Your assignment
Reproduce exactly the lines from the one containing "Home / Products" through the last line of the records below, both included. Leave out any pictures.

** Opening Input material block **

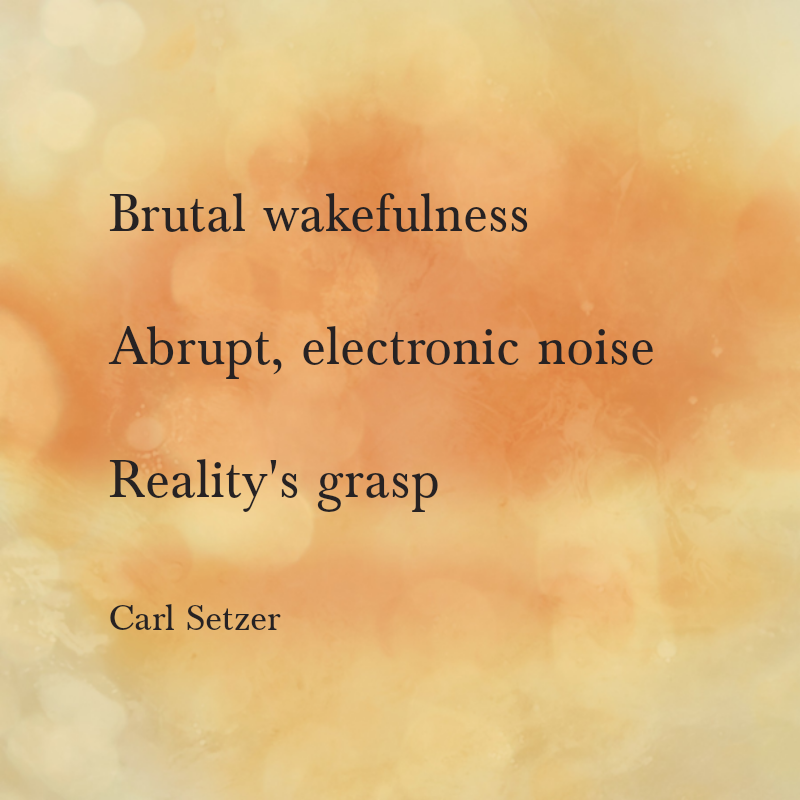 Good Morning: A Haiku December 19, 2017 Carl SetzerLeave a comment Brutal wakefulness Abrupt, electronic noise Reality’s grasp Between fans blowing, my phone pinging, and alarms chiming, my morning is filled with racket. Share this: Click to share on X (Opens in new window) X Click to share on Facebook (Opens in new window) Facebook Click to share on Tumblr (Opens in new window) Tumblr Click to share on Pinterest (Opens in new window) Pinterest Click to share on Reddit (Opens in new window) Reddit Like Loading...
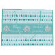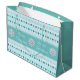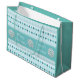 Winter pattern with rows of pine trees and snowflakes on light blue and teal large Christmas gift bag which you can personalize with your own text. Same image and text repeated on the reverse.
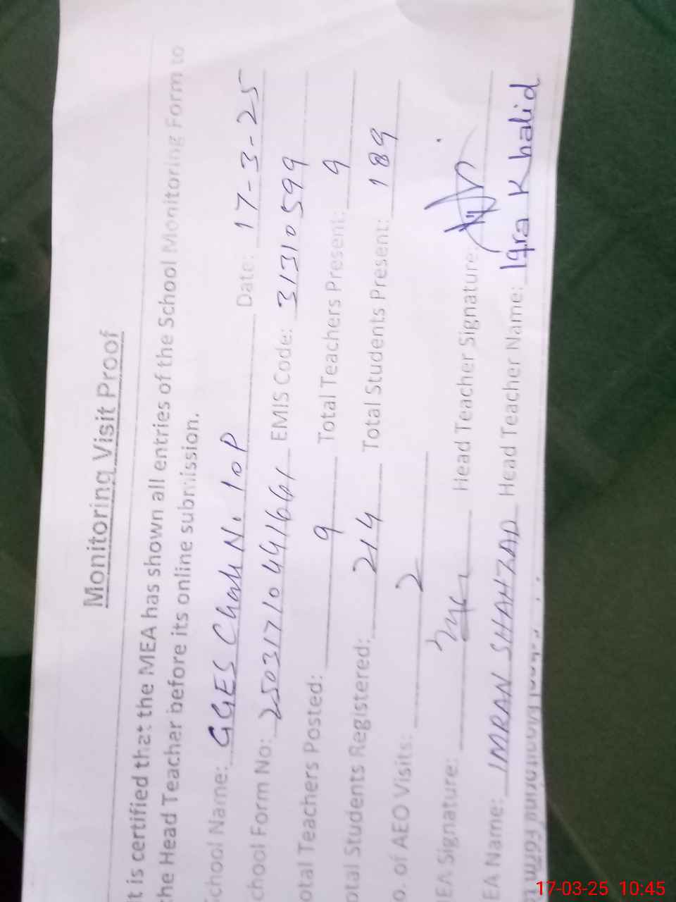 | Attendance Register | Head Teacher | MEA with School | Visit Proof |
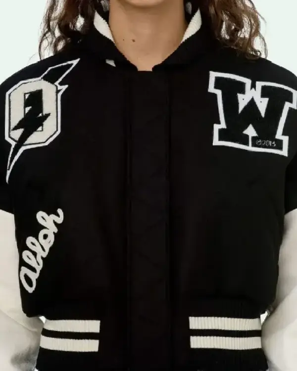 Home / Products / Varsity Jackets / Off White Cropped Black and White Varsity Jacket
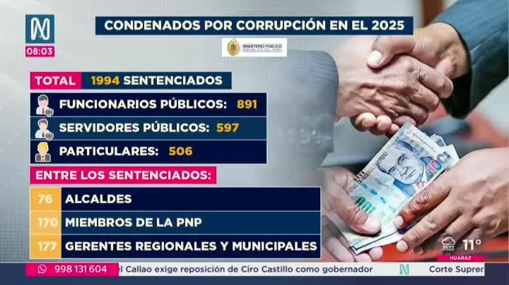 Entre los sentenciados figuran 76 alcaldes, 170 efectivos policiales y 177 gerentes regionales y municipales. Según precisó Tello, estas cifras muestran una ligera reducción respecto al 2024, cuando se registraron 2.078 condenados.
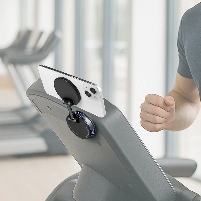 Uživajte v stabilni in udobni uporabi telefona med vožnjo, vadbo ali na poti. Nosilec s priseskom in magnetno glavo uporablja visoko zmogljive magnete N52H za zanesljivo pritrditev in gladko pozicioniranje. Dvoosni sistem z dvema 180° tečajema omogoča natančno nastavitev višine in kota gledanja.
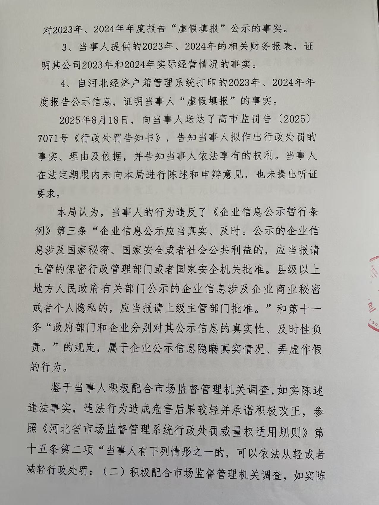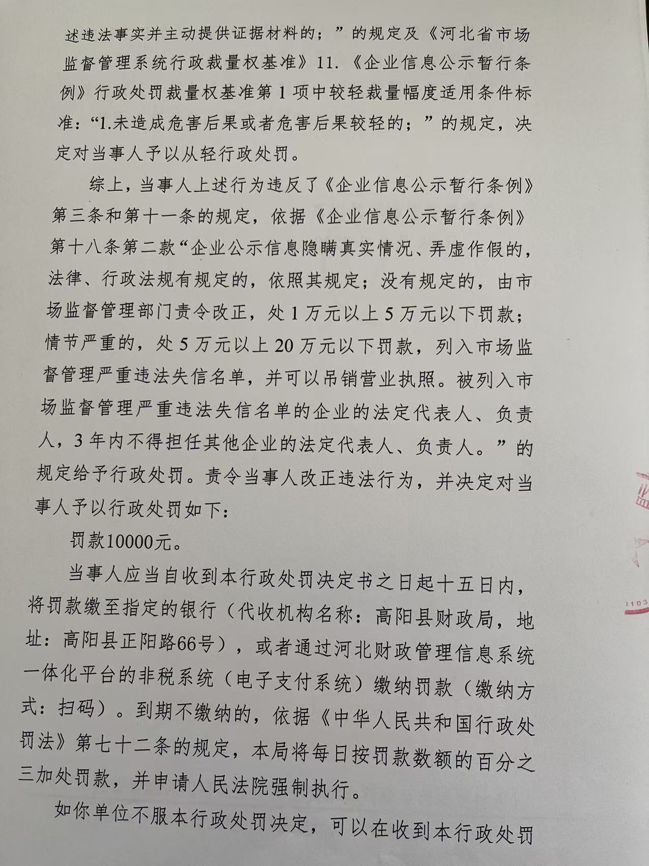 高阳县康特纺织品有限公司企业公示信息隐瞒真实情况、弄虚作假案
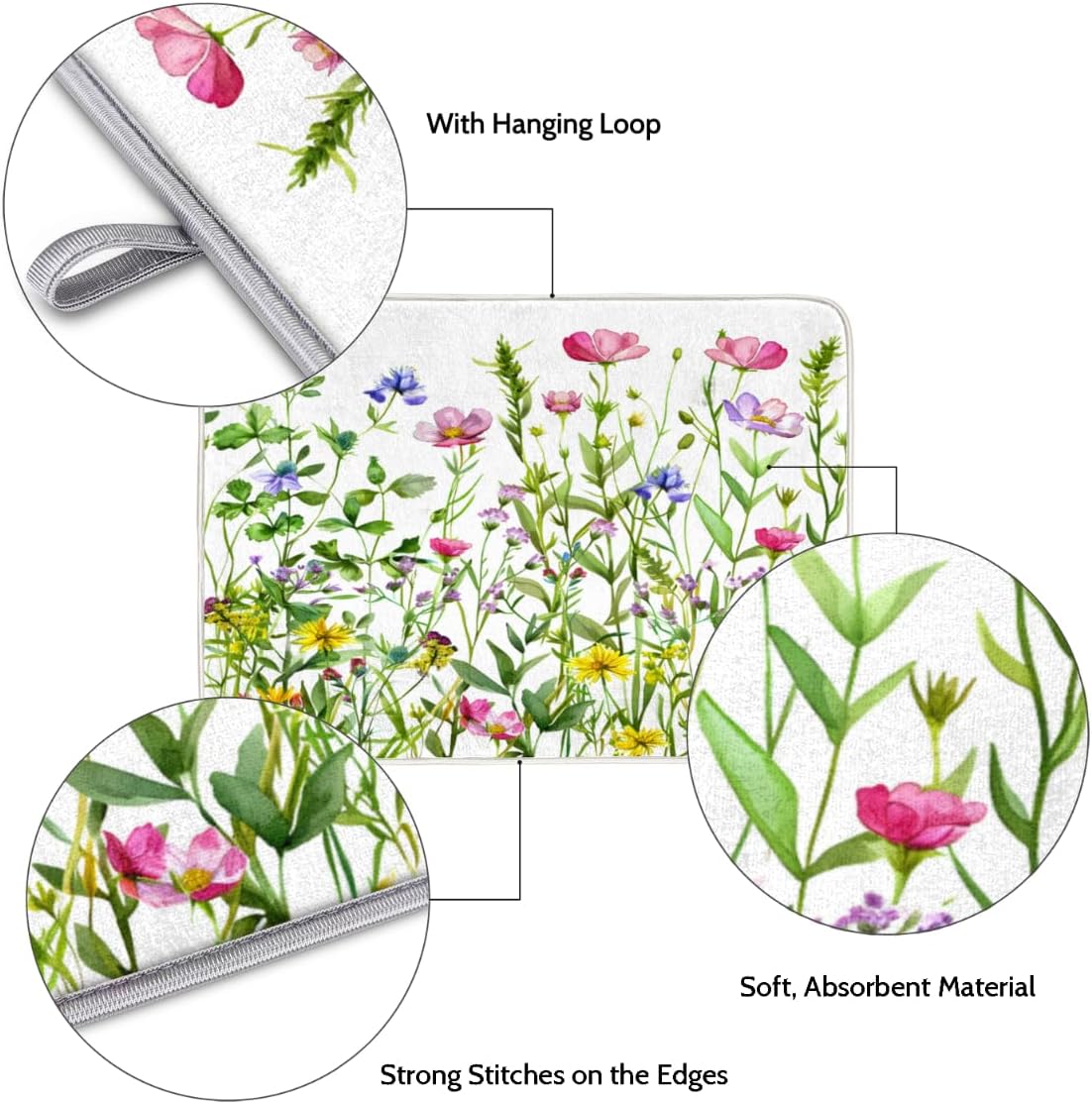 Hexteria Colorful Flowers Large Dish Drying Mats for Kitchen Counter 18 X 24 Inch Spring Floral Microfiber Dish Mat, Dish Drainer Mats for Countertops, Wildflower

** Closing Input material block **

Exercise response
 Home / Products / Varsity Jackets / Off White Cropped Black and White Varsity Jacket
 Entre los sentenciados figuran 76 alcaldes, 170 efectivos policiales y 177 gerentes regionales y municipales. Según precisó Tello, estas cifras muestran una ligera reducción respecto al 2024, cuando se registraron 2.078 condenados.
 Uživajte v stabilni in udobni uporabi telefona med vožnjo, vadbo ali na poti. Nosilec s priseskom in magnetno glavo uporablja visoko zmogljive magnete N52H za zanesljivo pritrditev in gladko pozicioniranje. Dvoosni sistem z dvema 180° tečajema omogoča natančno nastavitev višine in kota gledanja.
 高阳县康特纺织品有限公司企业公示信息隐瞒真实情况、弄虚作假案
 Hexteria Colorful Flowers Large Dish Drying Mats for Kitchen Counter 18 X 24 Inch Spring Floral Microfiber Dish Mat, Dish Drainer Mats for Countertops, Wildflower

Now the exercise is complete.